▶ _Work order_:
The result should be the listing below, restated exactly, with its pictures left out.

▶ _Recorded information_:
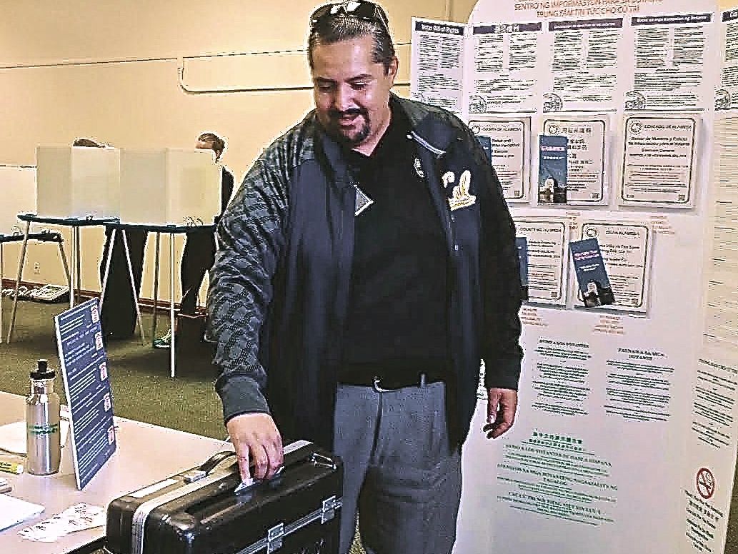 - Oakland District 2 City Council candidate Abel Guillén drops off his ballot at the Oakland Main Library polling station. Photo by Romin Lee Johnson.
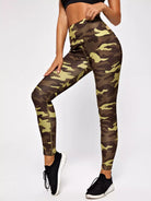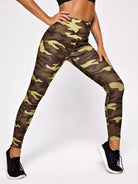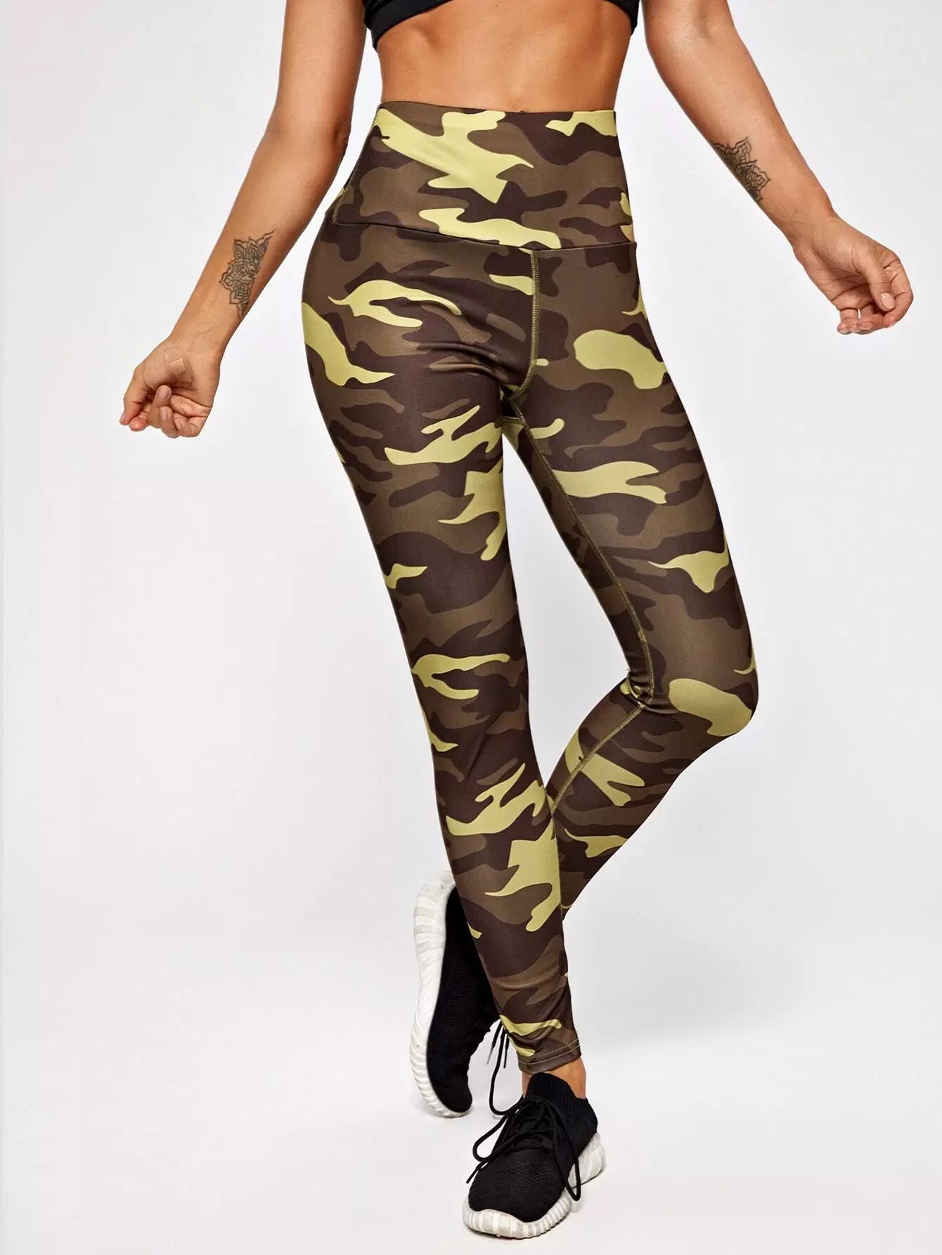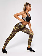 بنطال ضيق رياضي بحزام خصر عريض مطبوع بطبعة كامو
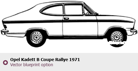 Raster blueprint of the 1971 Opel Kadett B Coupe Rallye Coupe. This free downloadable image can be used for graphic projects, digital design, and 3D modeling. The file provides accurate exterior proportions of the vehicle. Model year: 1971. Body type: Coupe.
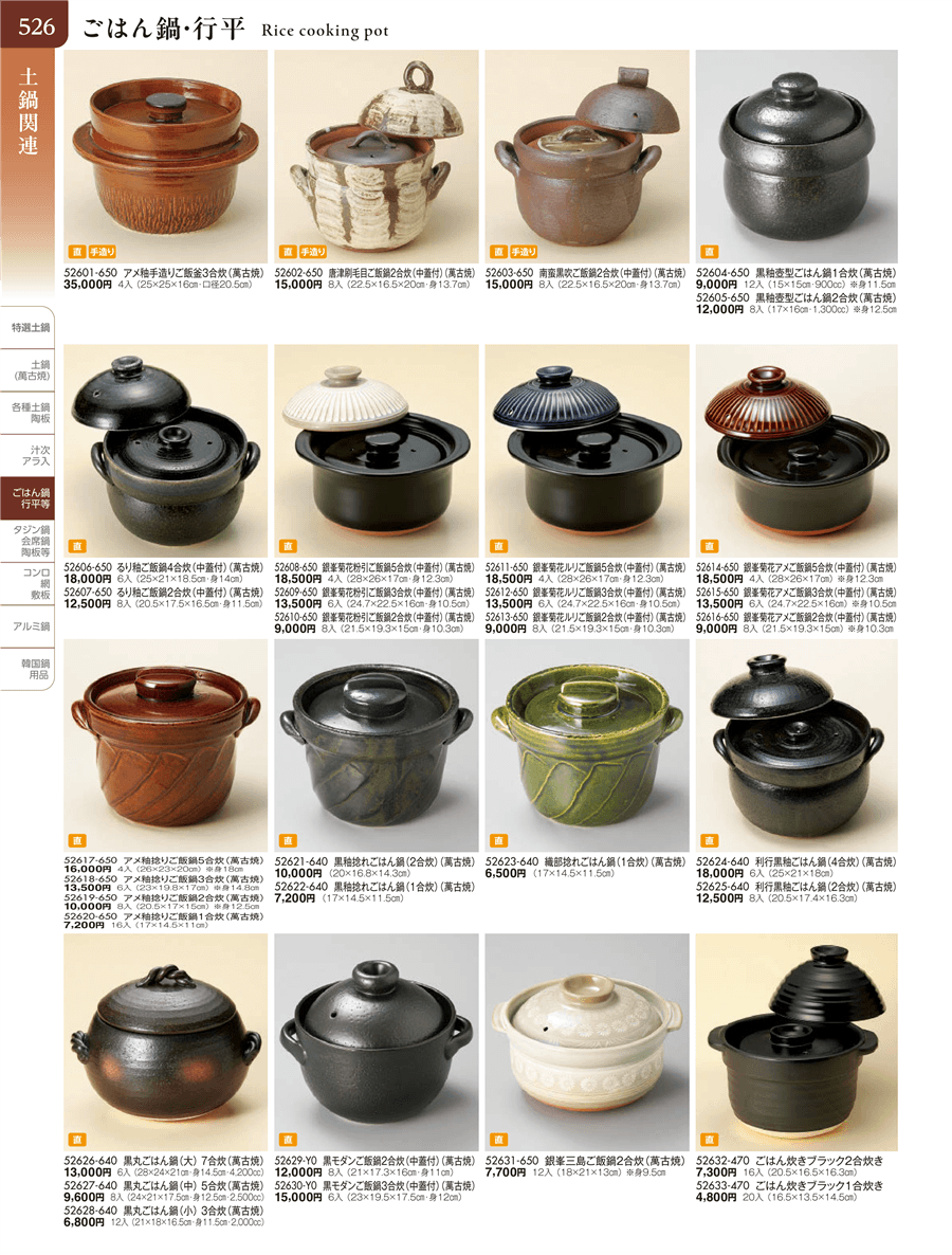 | 52601-650 | アメ釉手造りご飯釜3合炊(萬古焼) | 上代 35,000円(税抜) 卸値 19,250円(税抜) (45%OFF) | ||

▶ _Response_:
 - Oakland District 2 City Council candidate Abel Guillén drops off his ballot at the Oakland Main Library polling station. Photo by Romin Lee Johnson.
 بنطال ضيق رياضي بحزام خصر عريض مطبوع بطبعة كامو
 Raster blueprint of the 1971 Opel Kadett B Coupe Rallye Coupe. This free downloadable image can be used for graphic projects, digital design, and 3D modeling. The file provides accurate exterior proportions of the vehicle. Model year: 1971. Body type: Coupe.
 | 52601-650 | アメ釉手造りご飯釜3合炊(萬古焼) | 上代 35,000円(税抜) 卸値 19,250円(税抜) (45%OFF) | ||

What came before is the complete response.